I’m not good enough for her. Not even close. But she makes me yearn…for everything.

Now this badass rockstar is going to be a daddy. And I need to convince the good girl to be mine.

For keeps.

Is that a metaphor? Hot as hell chick who wrecks her car in my ditch?

Asking for a friend, of course.

So is this really Rock Fiction, or is his career a convenient plot device?

This one looks like a standalone… let’s get to it.

One of America’s most reclusive rockers, Ryder Vaughn, gets an unusual sentence handed down to him. The judge, hoping to teach him the value of human life, sentences him to ten months of community service at Reach Within Centre for individuals with special needs. Ryder is convinced that, if he isn’t crazy already, he will be by the time his sentence ends. However, his only other option forfeits his band’s livelihood.
Five minutes after stepping into the centre, his entire life changes when he meets a gorgeous, little spitfire who will challenge everything he has ever believed about himself and the world around him.

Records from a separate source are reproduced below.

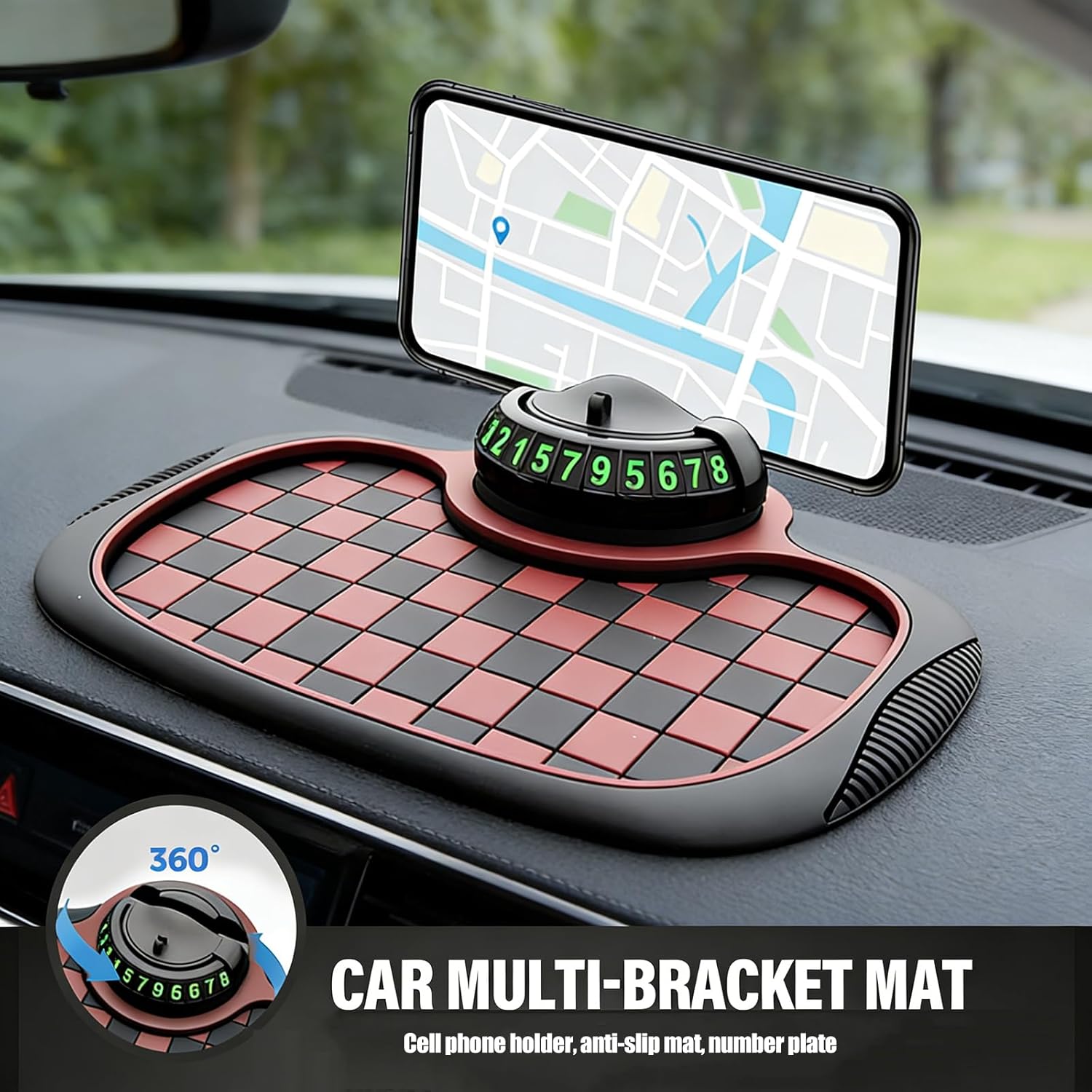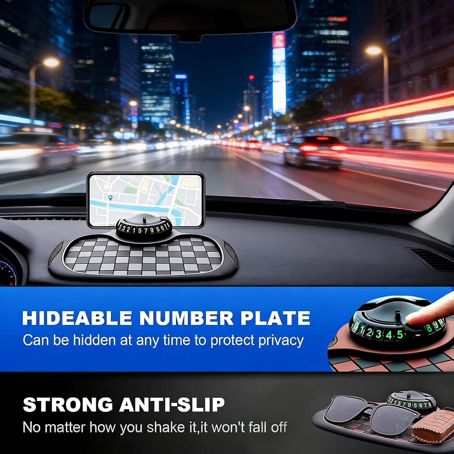 3-in-1 Multifunction: Combines anti-slip mat, phone holder and parking number plate in one, saves space and meets multiple car interior needs. Stable & Anti-Slip: High-friction surface prevents items from moving, ensures safe driving without distractions from falling objects. Flexible Viewing Angle: 360° rotation allows free adjustment for best navigation view, compatible with most mobile phones. Practical Parking Design: Reusable number cards offer convenient contact display, easy to flip and hide when unused. Washable & Long-Lasting: Waterproof and washable material can be cleaned repeatedly, durable for long-term use in any car.
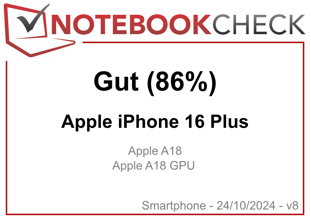 | 86.3 % | v8 | 09 / 2024 | Apple iPhone 16 Plus A18, A18 GPU | 199 g | 128 GB NVMe | 6.70" | 2796x1290 | |
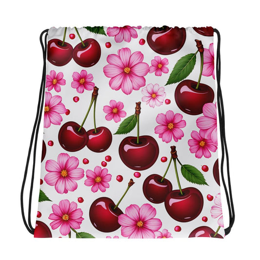 Cherries And Flowers Drawstring Bag
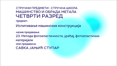 СШ4 – Испитивање машинских конструкција, 23. час: Метода фотоеластичности, уређај, фотоеластични материјали
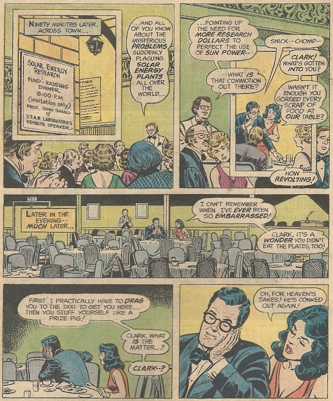 This comic takes a swipe at just what a yellow sun fueled super-metabolism entails, and the caloric ramifications of a Kryptonian super-tummy. You will be all the better for this knowledge imparted from on high. I think.
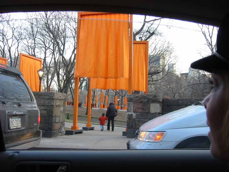 The pressing question at that moment was, where does one park their car in a city that has few parking spaces and parking garages that cost $30.00 US and were filled anyway! As most of you know, parking is never a problem for those who are 'connected' or can manifest. It's sort of Metaphysics 101. It was around 3 pm, the middle of the afternoon and the city was flooded with people, downtown at Chinatown and at Central Park to experience The Gates.
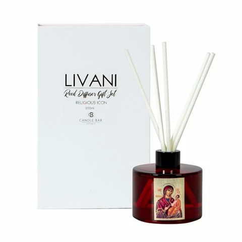 Presented in a red glass vase featuring a religious Icon – The Holy Mother & Child, this is a heartfelt gift for any occasion. The vase is filled with hand poured fragrance oil, scented with Livani – an enchanting aromatic blend of ancient frankincense and myrrh with balsam, spice, patchouli and sandalwood. It’s also a traditional religious incense, found in Greek Orthodox homes and churches, making it the perfect seasonal addition to your home.
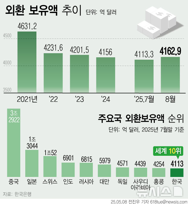 [그래픽] 외환보유액 석달째 4100억 달러 상회…세계 10위 유지
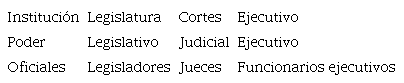 Una teoría pura exige la completa separación de los tres poderes del Estado; un estricto delineamiento entre el ejecutivo, la legislatura y las cortes. Las líneas [verticales] de nuestra tabla serían impermeables: ellas constituirían divisiones absolutas entre las instituciones, los poderes y las personas de las tres ramas. Deben existir tres instituciones diferenciadas, cada institución solo puede ejercer la facultad específicamente radicada en ella, y ningún funcionario de una institución puede servir en otra institución18.
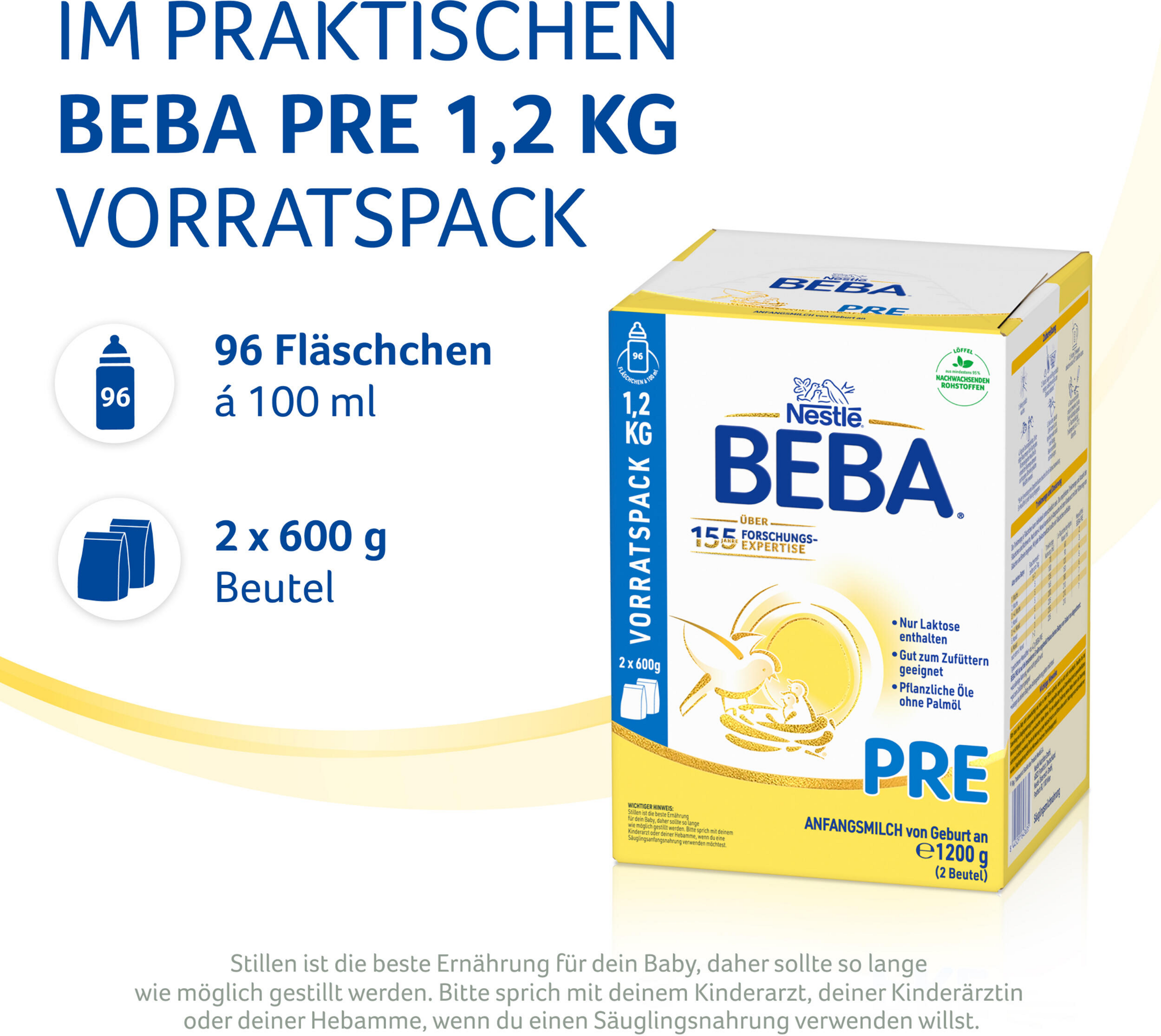 - im Vorratspack: BEBA PRE im Vorratspack 1,2kg (2 Beutel a 600g)
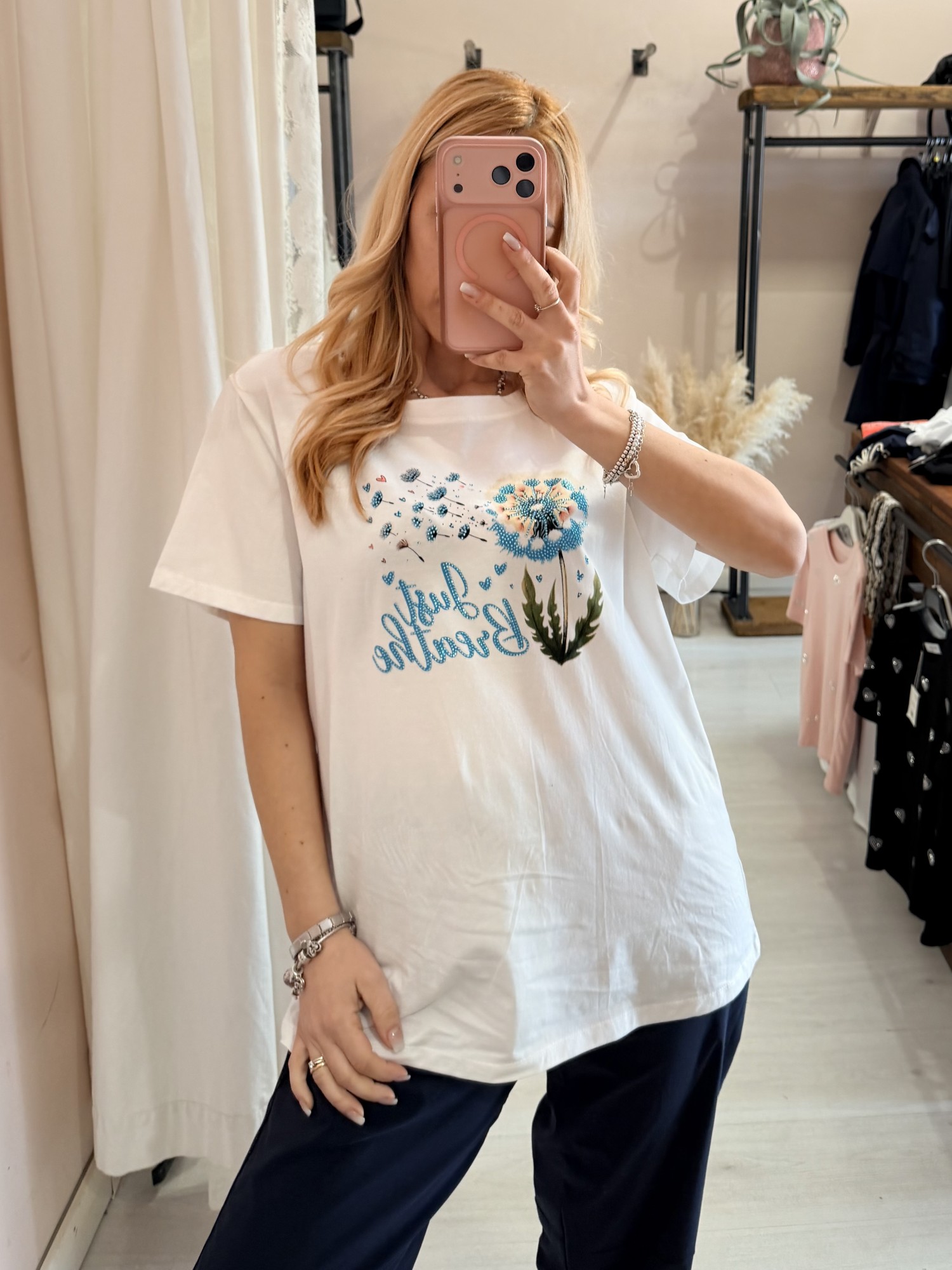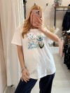 Maglia t shirt bianca soffioni blu

Francesca’s devotion has always been to her family, friends, and the job she is passionate about. Her life hasn’t been easy. She sacrifices a lot for the ones she loves and for her dream to visit Italy.
Then Francesca finds herself in a desperate situation, and the tattooed beast who is serving his debt to society must save the headstrong woman from a secret that could destroy her. In turn, Francesca teaches Ryder, if you love something enough, it’s worth fighting for.
Ryder knows he isn’t worthy of love, but this incredible beauty makes him want it.
Ryder can save Francesca from her secrets, but can she save him from his? Is Ryder strong enough to endure the kids she loves and her crazy Italian family?
Ten months can fly by or it can last an eternity.

Okay, so first, if you go to Goodreads, check out the cover. Can’t say it does anything for me. Well, not true. It kinda turns me off. Like, a lot. So maybe no kinda involved in this one. Susan says I ought to own it, so here goes: this cover. Doesn’t do it for me.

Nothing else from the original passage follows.